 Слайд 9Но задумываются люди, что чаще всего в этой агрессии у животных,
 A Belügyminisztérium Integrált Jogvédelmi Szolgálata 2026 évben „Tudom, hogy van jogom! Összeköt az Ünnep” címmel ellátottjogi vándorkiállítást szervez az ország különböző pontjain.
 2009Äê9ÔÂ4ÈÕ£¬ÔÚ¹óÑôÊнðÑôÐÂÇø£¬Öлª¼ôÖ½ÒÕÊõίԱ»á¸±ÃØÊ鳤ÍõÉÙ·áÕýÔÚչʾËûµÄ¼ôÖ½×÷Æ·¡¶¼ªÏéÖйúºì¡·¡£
..............................
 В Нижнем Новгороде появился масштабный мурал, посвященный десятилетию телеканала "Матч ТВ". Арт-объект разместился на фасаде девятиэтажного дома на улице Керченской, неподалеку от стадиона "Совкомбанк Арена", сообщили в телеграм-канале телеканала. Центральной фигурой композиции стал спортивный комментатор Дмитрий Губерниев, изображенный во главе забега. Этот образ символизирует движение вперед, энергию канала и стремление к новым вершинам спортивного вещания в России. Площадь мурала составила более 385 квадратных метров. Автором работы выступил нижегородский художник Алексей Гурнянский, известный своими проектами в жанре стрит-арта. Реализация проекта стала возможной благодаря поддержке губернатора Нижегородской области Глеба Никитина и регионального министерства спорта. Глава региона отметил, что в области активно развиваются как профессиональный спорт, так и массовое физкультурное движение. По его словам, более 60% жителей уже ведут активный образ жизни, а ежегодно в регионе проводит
..............................
## Instructions for the task:
Above are the records; from them, give again exactly the lines from the one containing "Слайд 9Но задумываются" to the one containing "2009Äê9ÔÂ4ÈÕ£¬", both lines included, and nothing more.

## Output of the exercise:
 Слайд 9Но задумываются люди, что чаще всего в этой агрессии у животных,
 A Belügyminisztérium Integrált Jogvédelmi Szolgálata 2026 évben „Tudom, hogy van jogom! Összeköt az Ünnep” címmel ellátottjogi vándorkiállítást szervez az ország különböző pontjain.
 2009Äê9ÔÂ4ÈÕ£¬ÔÚ¹óÑôÊнðÑôÐÂÇø£¬Öлª¼ôÖ½ÒÕÊõίԱ»á¸±ÃØÊ鳤ÍõÉÙ·áÕýÔÚչʾËûµÄ¼ôÖ½×÷Æ·¡¶¼ªÏéÖйúºì¡·¡£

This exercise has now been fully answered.